Content starts

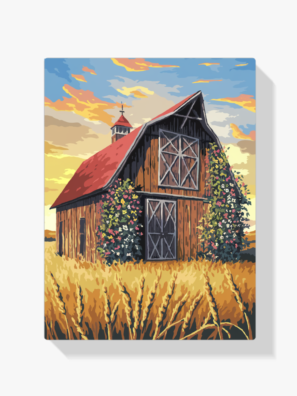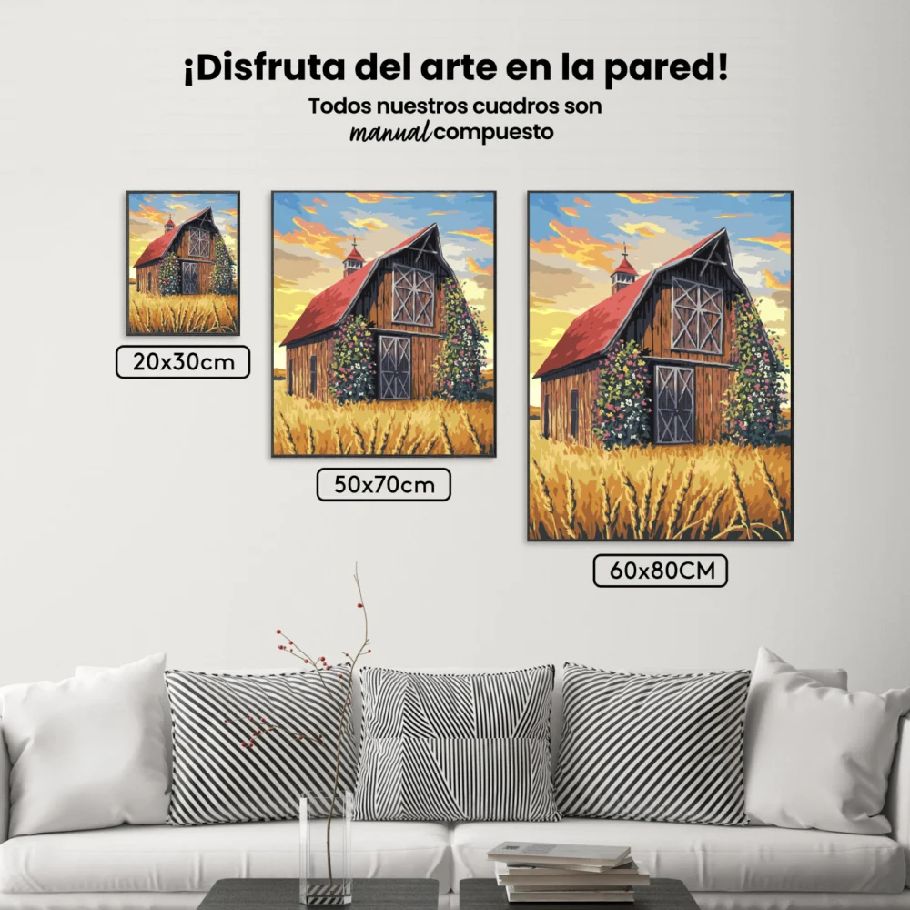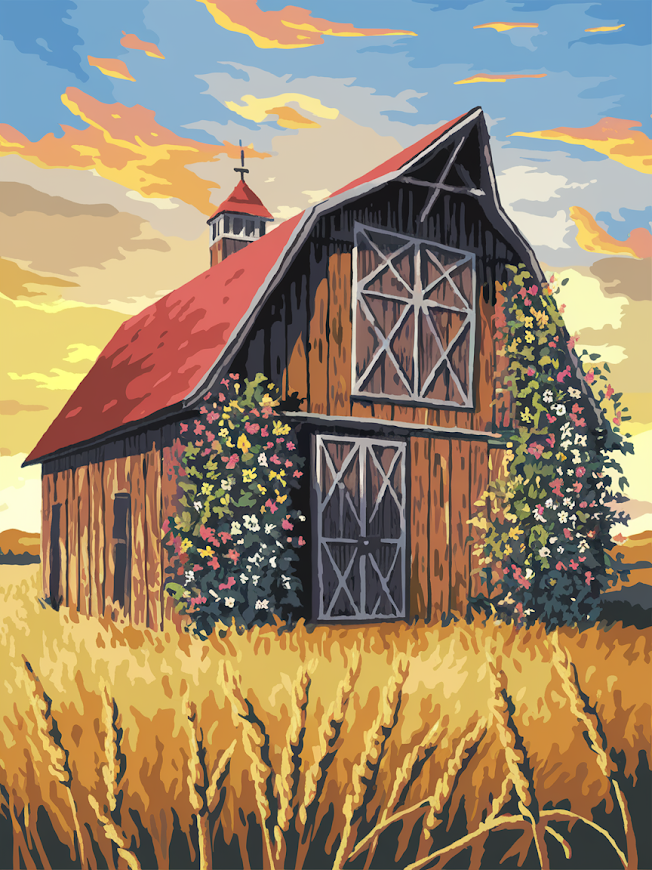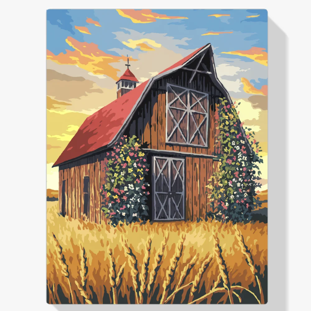 - Pintar por Números – Granero rústico con tejado rojo en un campo dorado
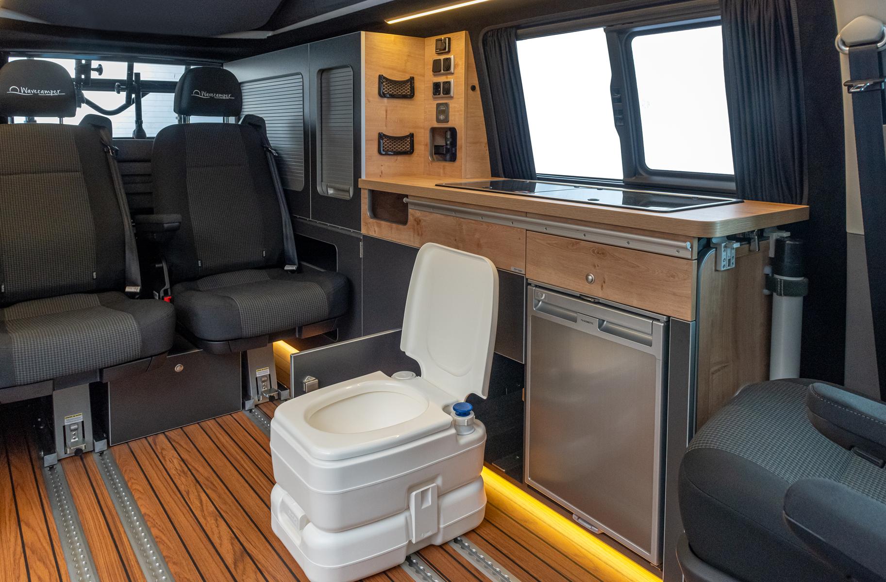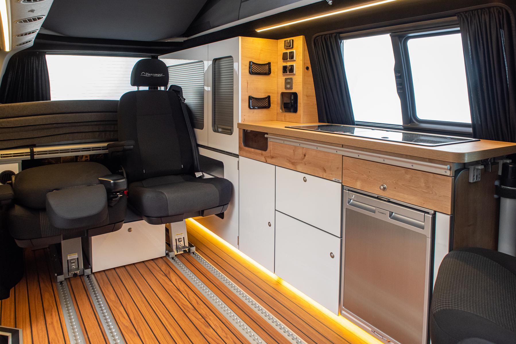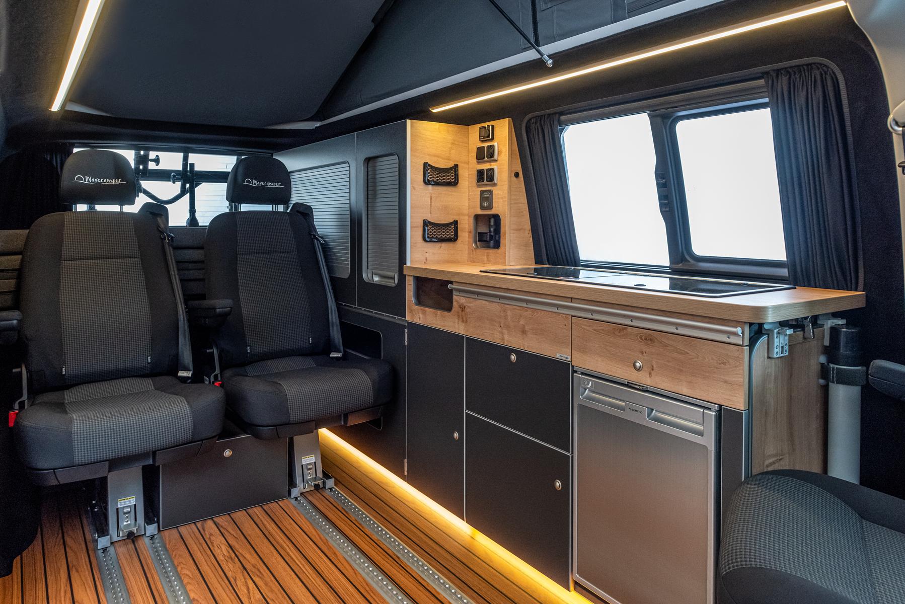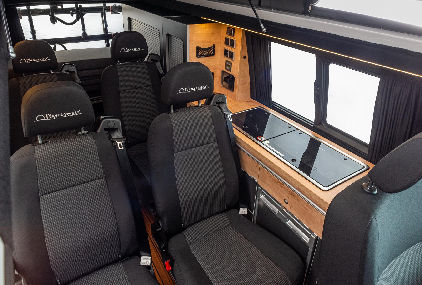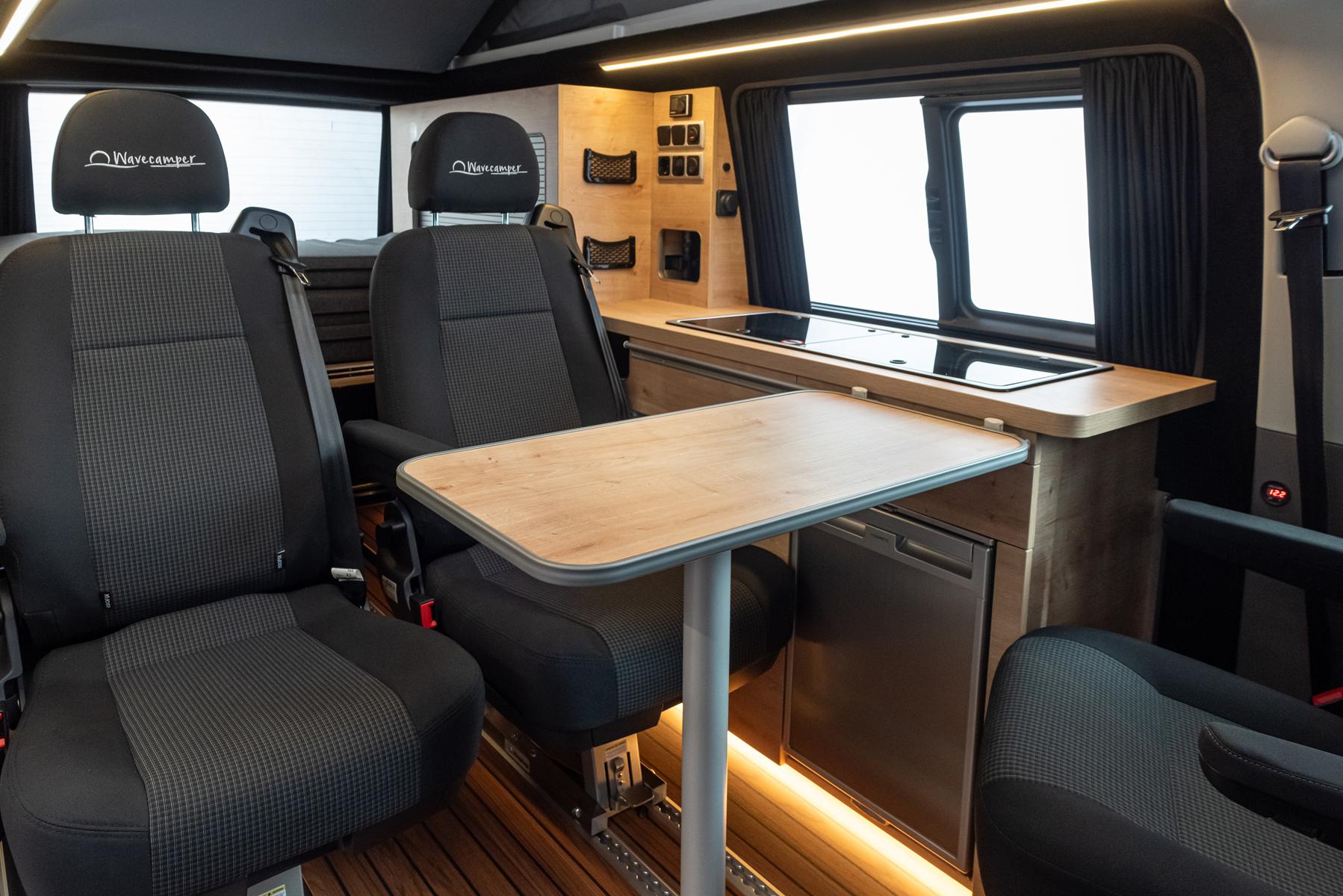 Zabudowa Wavecamper na Volkswagenie T6.1 wyróżnia się ponadprzeciętną funkcjonalnością i elastycznością aranżacji wnętrza. Kluczowym elementem są pojedyncze fotele montowane na systemie szynowym, które można dowolnie przesuwać, dokładać lub całkowicie demontować. Dzięki temu pojazd może pełnić rolę 4-osobowego kampera z 4 miejscami do spania lub komfortowego transportera dla 6 osób. Dostępne modele bazujące na wersji SHORT oraz LONG.
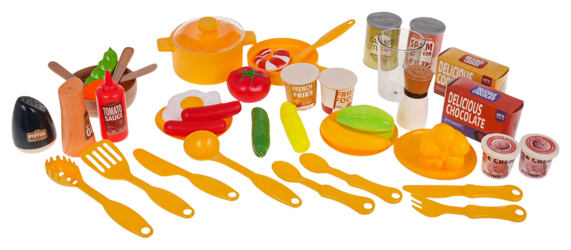 - Кухня, тиган, тенджера с капак, купичка, прибори и принадлежности, чинии, подправници, сосове, чаша, десерти, консерви, аксесоари за фастфуд, макети на храни (чушка, домат, лист салата, резени морков и чушка, скарида, яйце на очи, кренвирши, банан, грах, краставица)
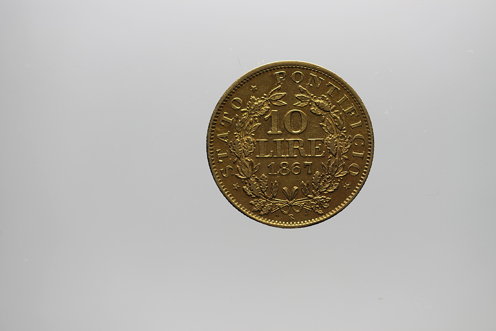 ROMA. Pio IX (3∞ periodo 1866-1870). Da 10 lire 1867/XXII. Pagani 542. Oro. Rara. Graffio sul D/. SPL
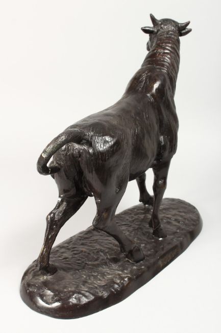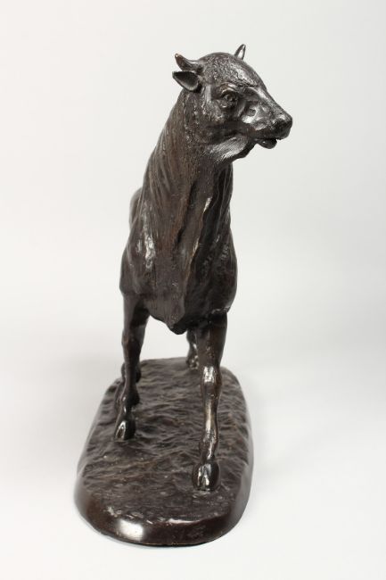 A CAST BRONZE MODEL OF A BULL, standing on a naturalistic base.
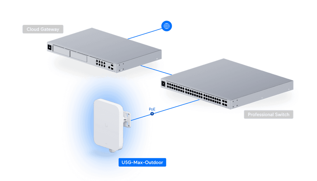 A full-performance 5G (3.4 Gbps) modem for UniFi consoles and Cloud Gateways, designed for outdoor use with directional antennas, remote SIM, and dual SIM for seamless failover.
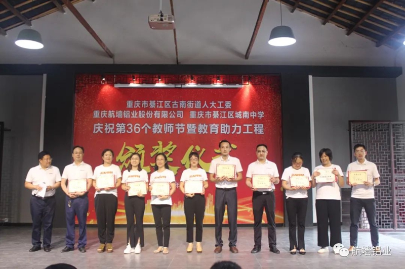 教育助力 航墻給力 2020年9月10日,重慶航墻鋁業股份有限公司董事長藺勇帶上溫馨的祝福,帶上濃濃的關懷,參加了重慶市綦江區城南中學舉行“慶祝第36個教師節暨教育助力工程頒獎儀式”。 公司董事長藺勇、總經理助理毛友銀出席頒獎儀式 城南中學學生風采展示 城南中學學生 全體老師重溫“教師誓詞&rdquo
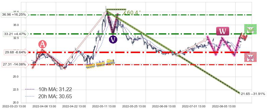 ♘ 阻力价格位33.21,可信任强度81.10%,距离最后交易2022-08-12 14:00形成的收盘价格31.79相差 +4.47%

Content ends

Task details: Repeat, line for line and exactly, the material from its first line through the line that contains "Zabudowa Wavecamper na", both ends included; no pictures belong in the copy.

Task response:
 - Pintar por Números – Granero rústico con tejado rojo en un campo dorado
 Zabudowa Wavecamper na Volkswagenie T6.1 wyróżnia się ponadprzeciętną funkcjonalnością i elastycznością aranżacji wnętrza. Kluczowym elementem są pojedyncze fotele montowane na systemie szynowym, które można dowolnie przesuwać, dokładać lub całkowicie demontować. Dzięki temu pojazd może pełnić rolę 4-osobowego kampera z 4 miejscami do spania lub komfortowego transportera dla 6 osób. Dostępne modele bazujące na wersji SHORT oraz LONG.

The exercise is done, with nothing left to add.